For this exercise, print the listing below exactly, without its pictures.

--- Source records ---

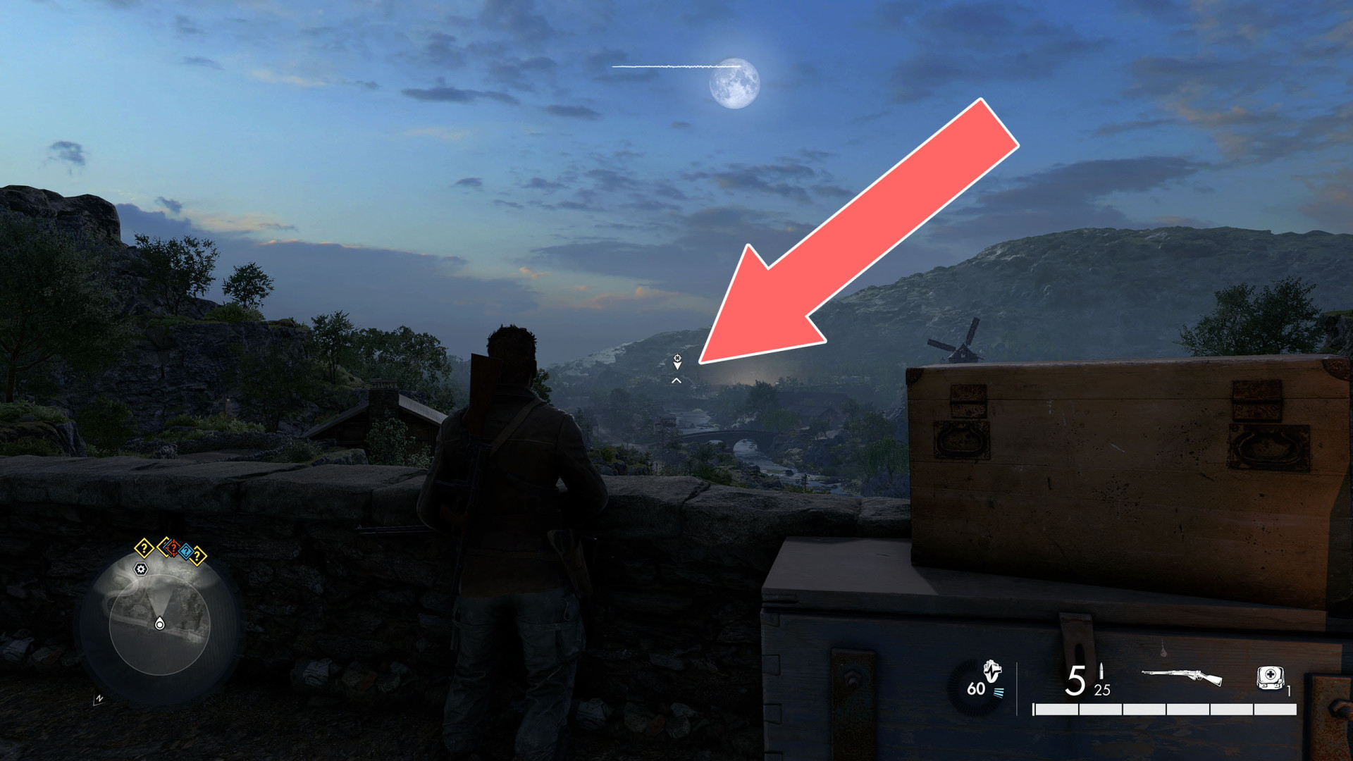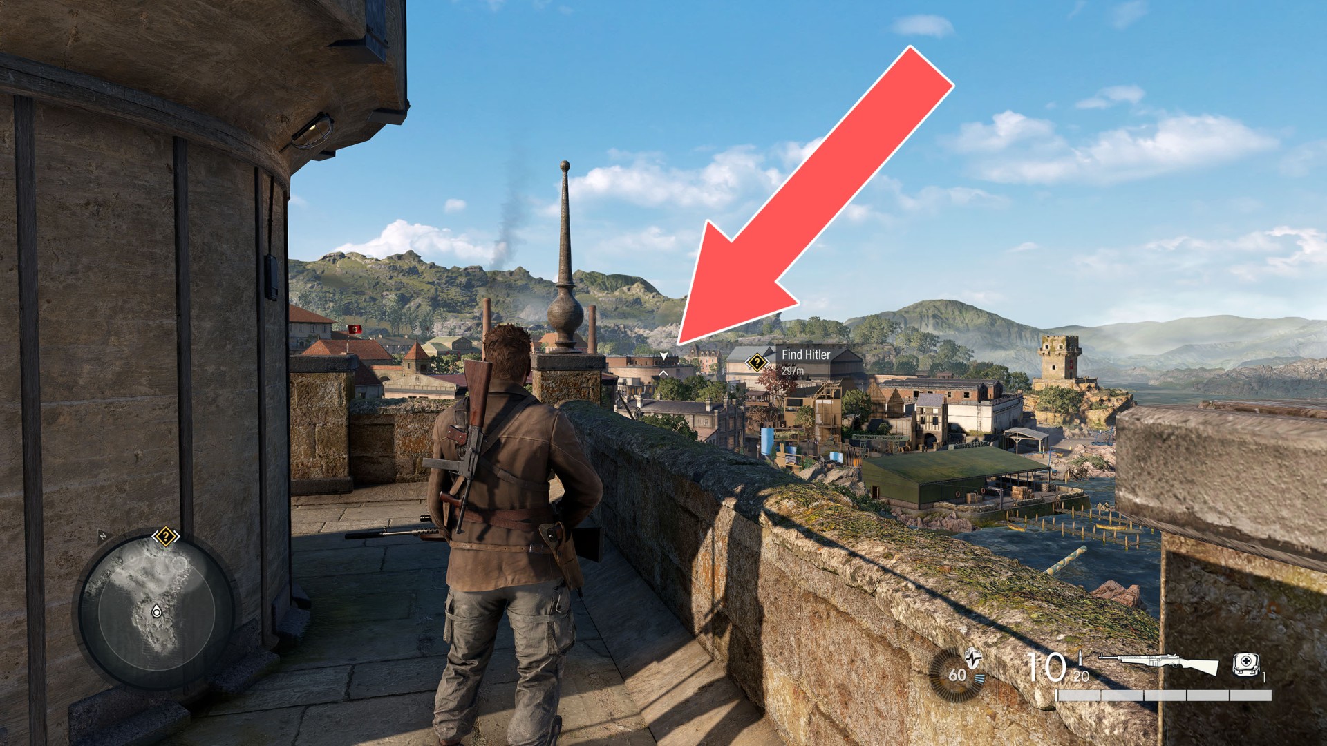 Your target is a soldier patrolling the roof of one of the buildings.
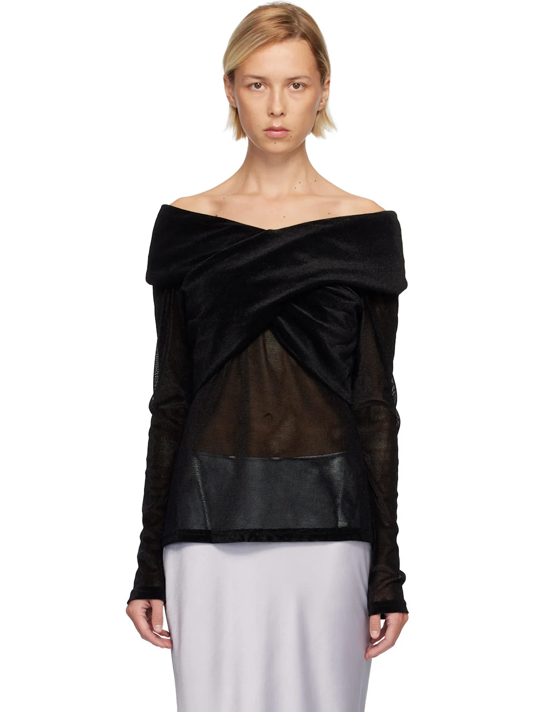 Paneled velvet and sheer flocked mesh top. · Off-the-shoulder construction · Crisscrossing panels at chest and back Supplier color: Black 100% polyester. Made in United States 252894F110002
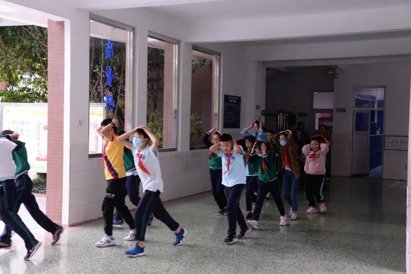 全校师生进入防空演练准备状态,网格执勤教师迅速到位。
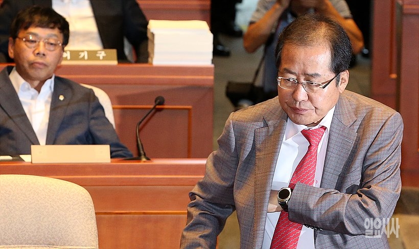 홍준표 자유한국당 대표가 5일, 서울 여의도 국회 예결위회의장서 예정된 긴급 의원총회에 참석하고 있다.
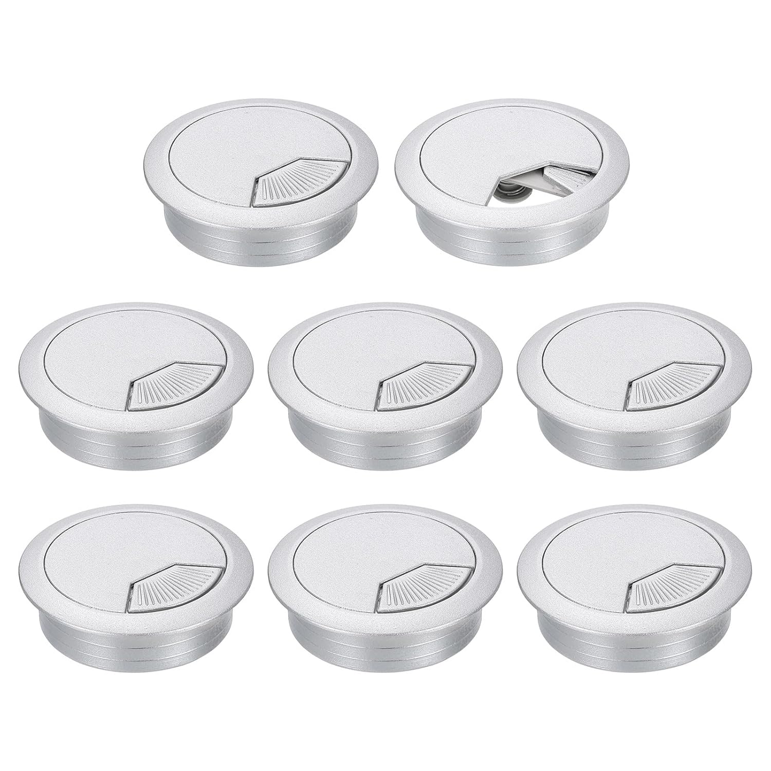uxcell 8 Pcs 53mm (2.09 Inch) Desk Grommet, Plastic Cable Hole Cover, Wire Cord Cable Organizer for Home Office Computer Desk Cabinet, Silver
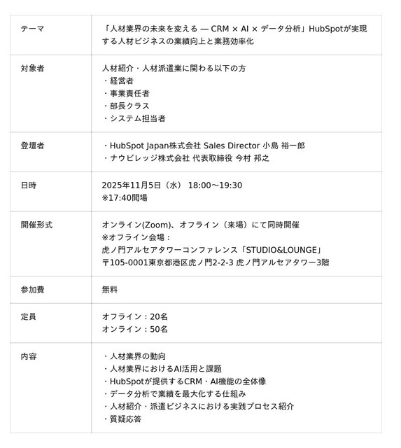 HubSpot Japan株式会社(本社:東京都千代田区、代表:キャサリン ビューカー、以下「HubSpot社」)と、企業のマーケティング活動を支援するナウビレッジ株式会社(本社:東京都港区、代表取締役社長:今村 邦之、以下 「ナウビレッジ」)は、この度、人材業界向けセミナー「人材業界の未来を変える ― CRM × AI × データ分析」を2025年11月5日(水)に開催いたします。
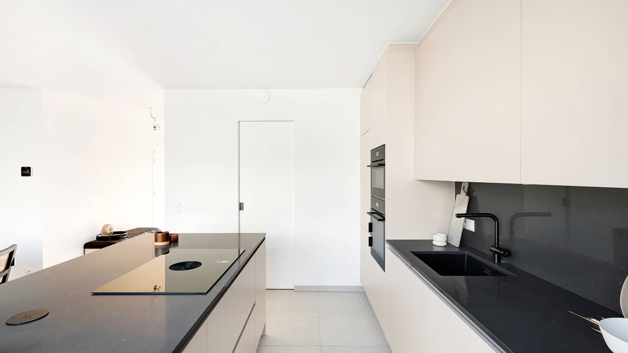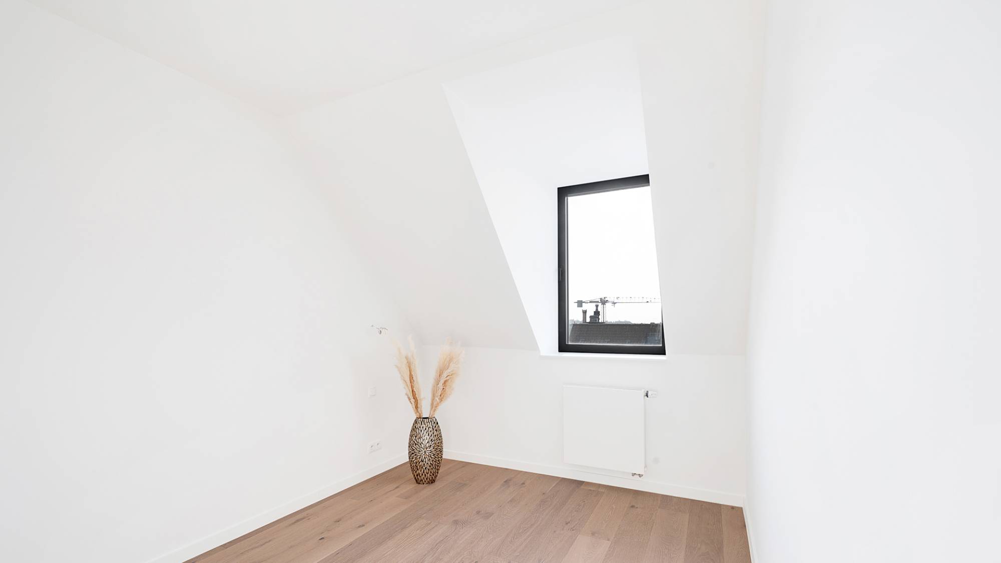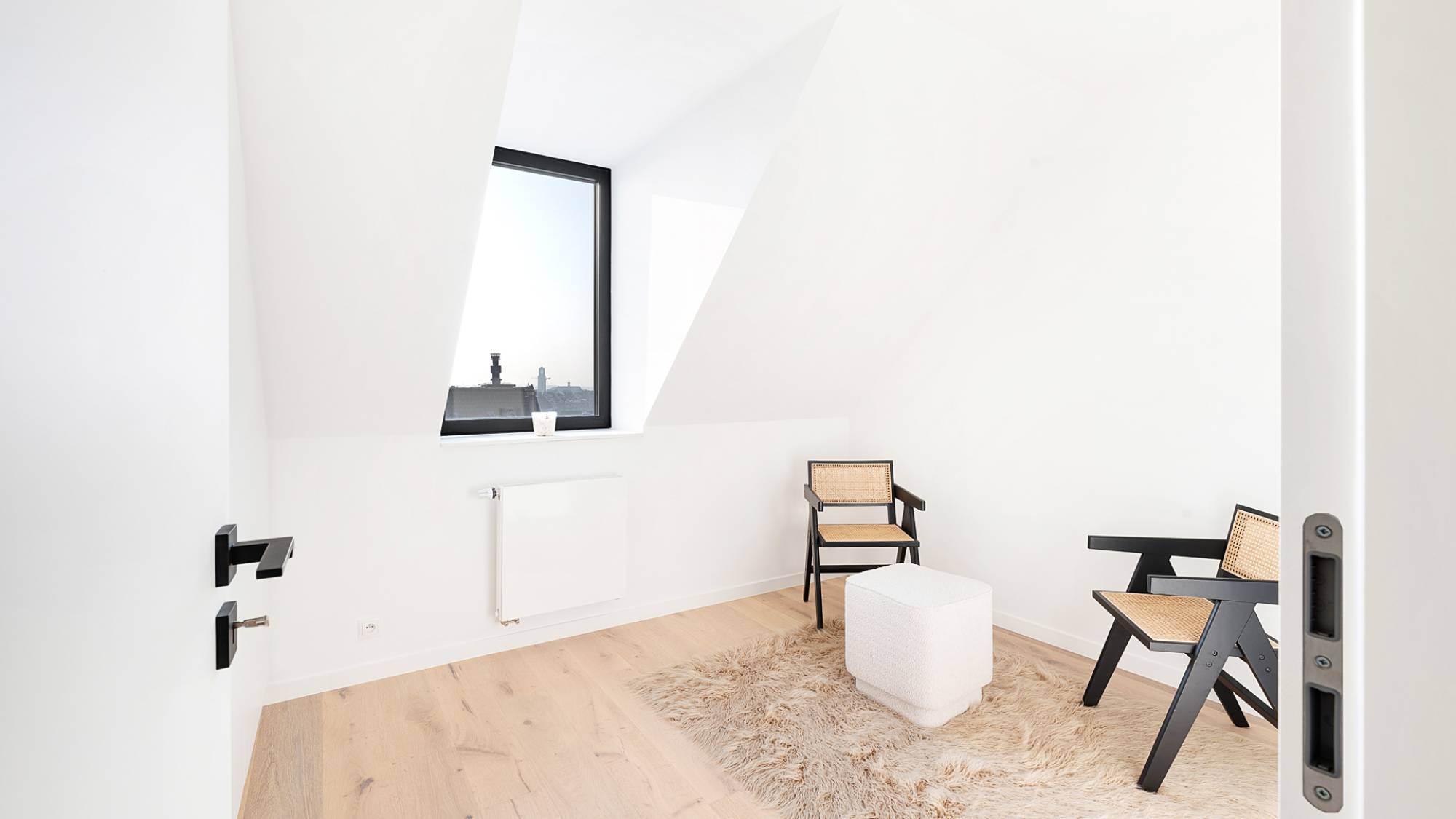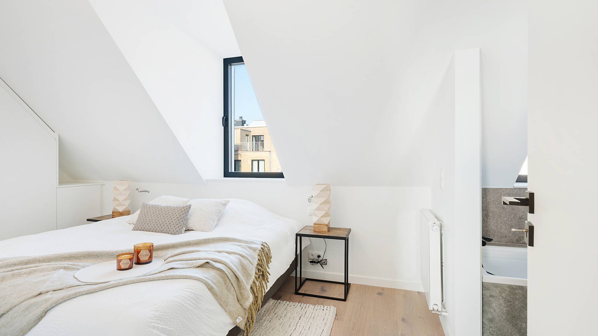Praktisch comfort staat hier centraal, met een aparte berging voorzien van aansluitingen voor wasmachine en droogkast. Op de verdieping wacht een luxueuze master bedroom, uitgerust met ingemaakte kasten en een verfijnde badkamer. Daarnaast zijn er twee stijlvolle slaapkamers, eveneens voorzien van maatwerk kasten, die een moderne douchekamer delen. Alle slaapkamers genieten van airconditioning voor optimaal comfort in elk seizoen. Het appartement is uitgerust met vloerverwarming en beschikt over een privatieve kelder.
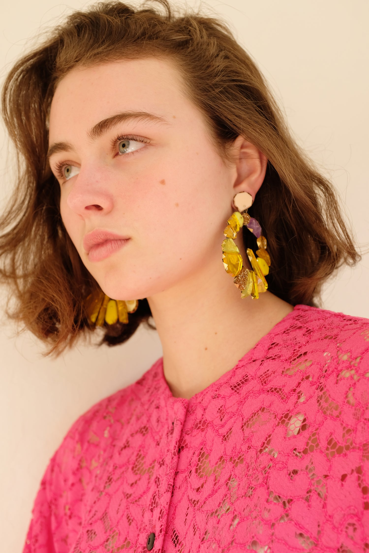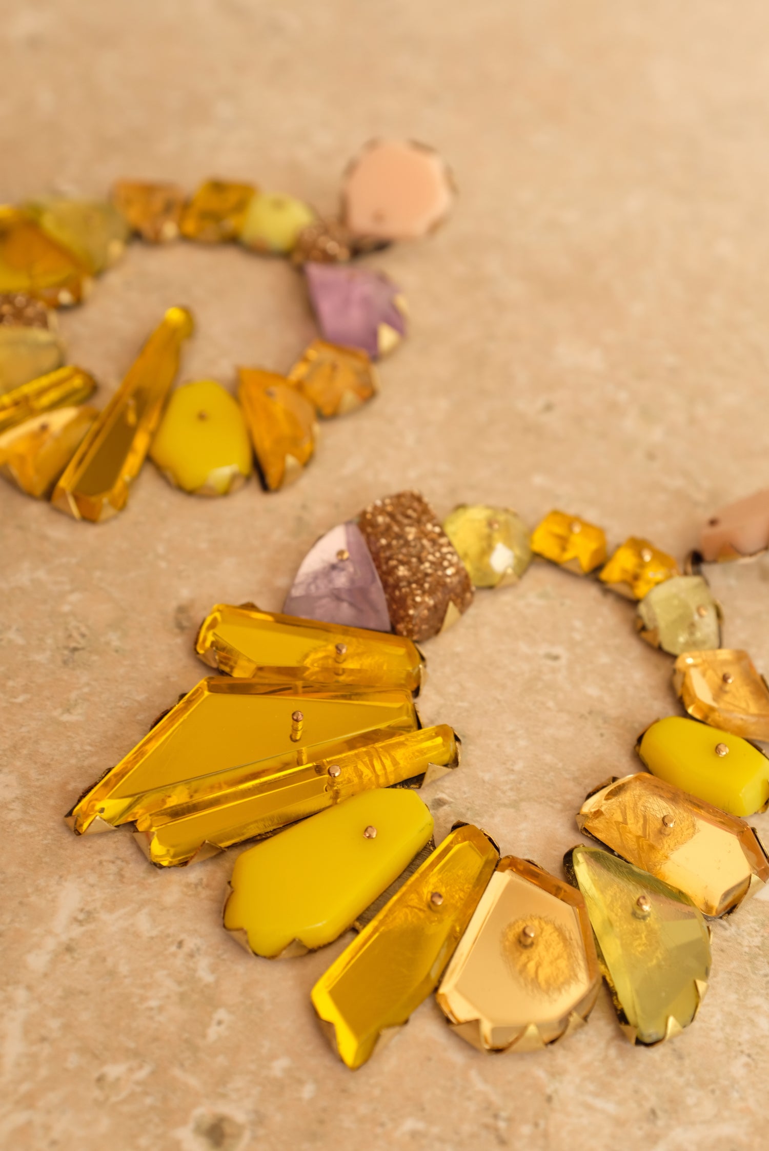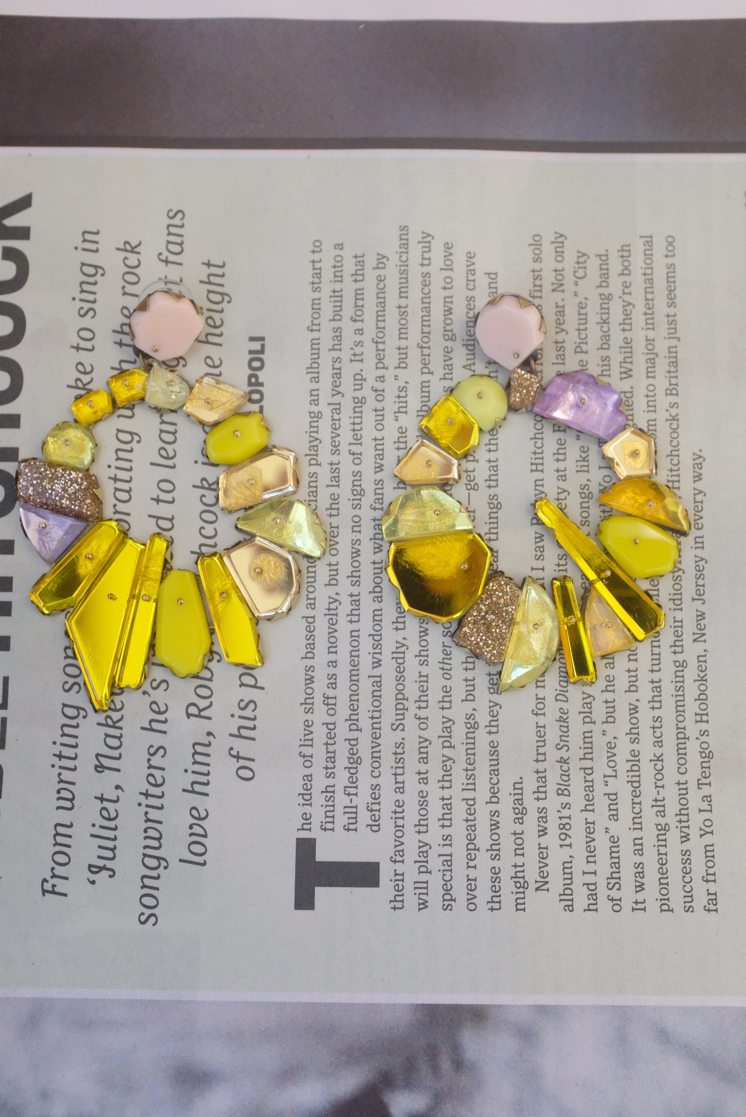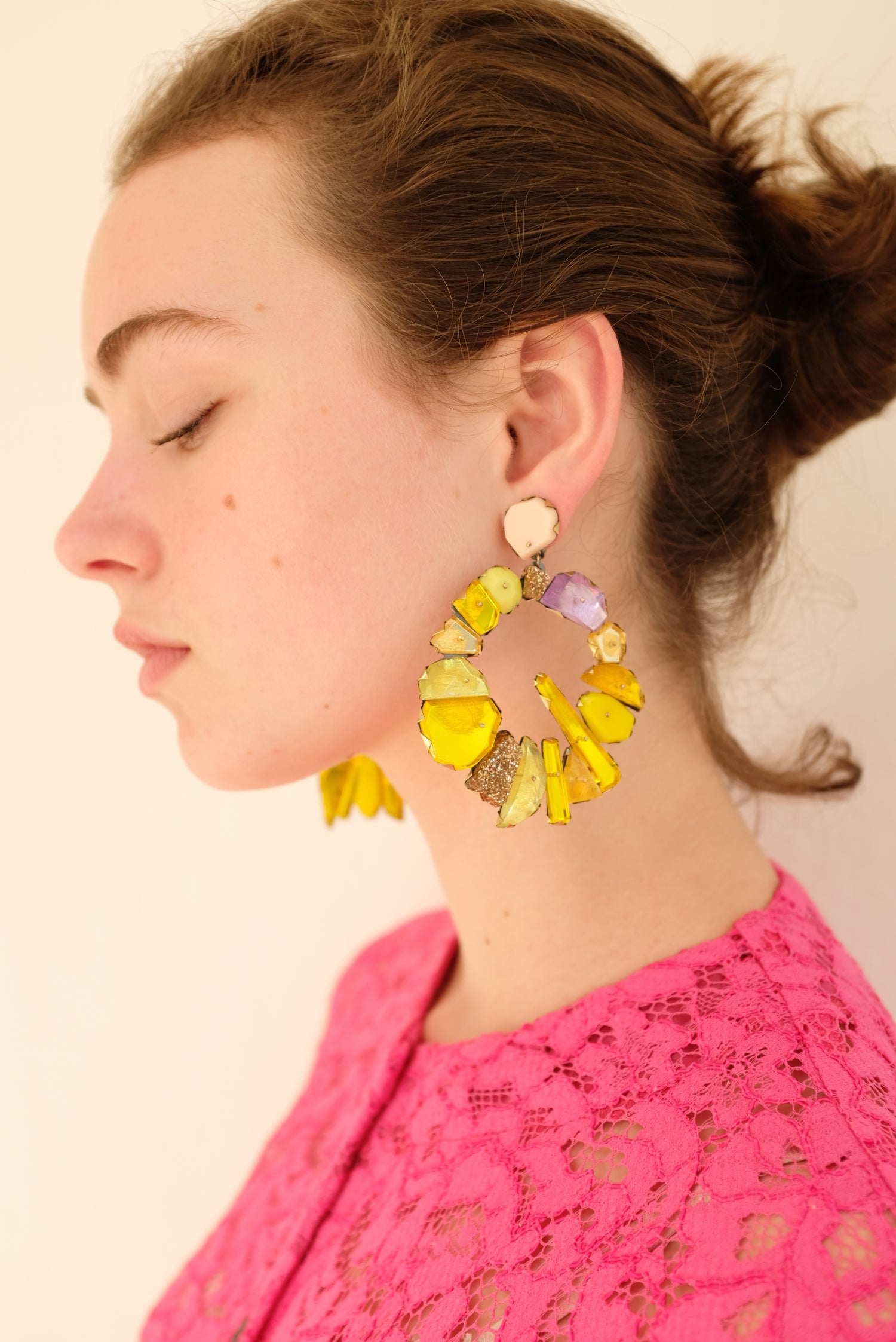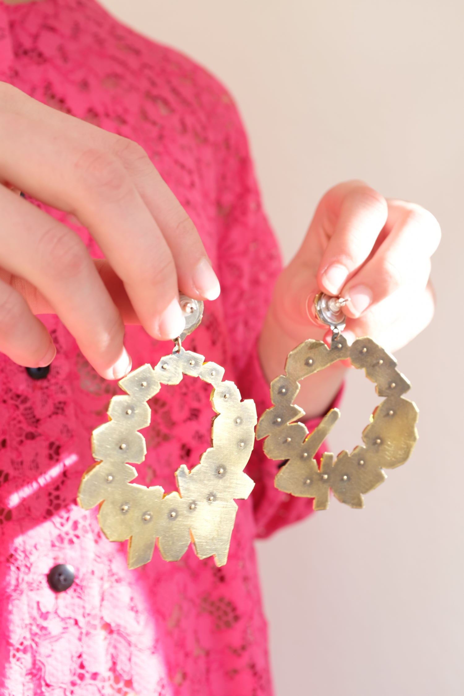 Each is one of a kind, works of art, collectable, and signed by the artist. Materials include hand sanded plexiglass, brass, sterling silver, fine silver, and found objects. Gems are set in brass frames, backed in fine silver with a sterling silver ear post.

---

Solution:
 Your target is a soldier patrolling the roof of one of the buildings.
 Paneled velvet and sheer flocked mesh top. · Off-the-shoulder construction · Crisscrossing panels at chest and back Supplier color: Black 100% polyester. Made in United States 252894F110002
 全校师生进入防空演练准备状态,网格执勤教师迅速到位。
 홍준표 자유한국당 대표가 5일, 서울 여의도 국회 예결위회의장서 예정된 긴급 의원총회에 참석하고 있다.
uxcell 8 Pcs 53mm (2.09 Inch) Desk Grommet, Plastic Cable Hole Cover, Wire Cord Cable Organizer for Home Office Computer Desk Cabinet, Silver
 HubSpot Japan株式会社(本社:東京都千代田区、代表:キャサリン ビューカー、以下「HubSpot社」)と、企業のマーケティング活動を支援するナウビレッジ株式会社(本社:東京都港区、代表取締役社長:今村 邦之、以下 「ナウビレッジ」)は、この度、人材業界向けセミナー「人材業界の未来を変える ― CRM × AI × データ分析」を2025年11月5日(水)に開催いたします。
Praktisch comfort staat hier centraal, met een aparte berging voorzien van aansluitingen voor wasmachine en droogkast. Op de verdieping wacht een luxueuze master bedroom, uitgerust met ingemaakte kasten en een verfijnde badkamer. Daarnaast zijn er twee stijlvolle slaapkamers, eveneens voorzien van maatwerk kasten, die een moderne douchekamer delen. Alle slaapkamers genieten van airconditioning voor optimaal comfort in elk seizoen. Het appartement is uitgerust met vloerverwarming en beschikt over een privatieve kelder.
 Each is one of a kind, works of art, collectable, and signed by the artist. Materials include hand sanded plexiglass, brass, sterling silver, fine silver, and found objects. Gems are set in brass frames, backed in fine silver with a sterling silver ear post.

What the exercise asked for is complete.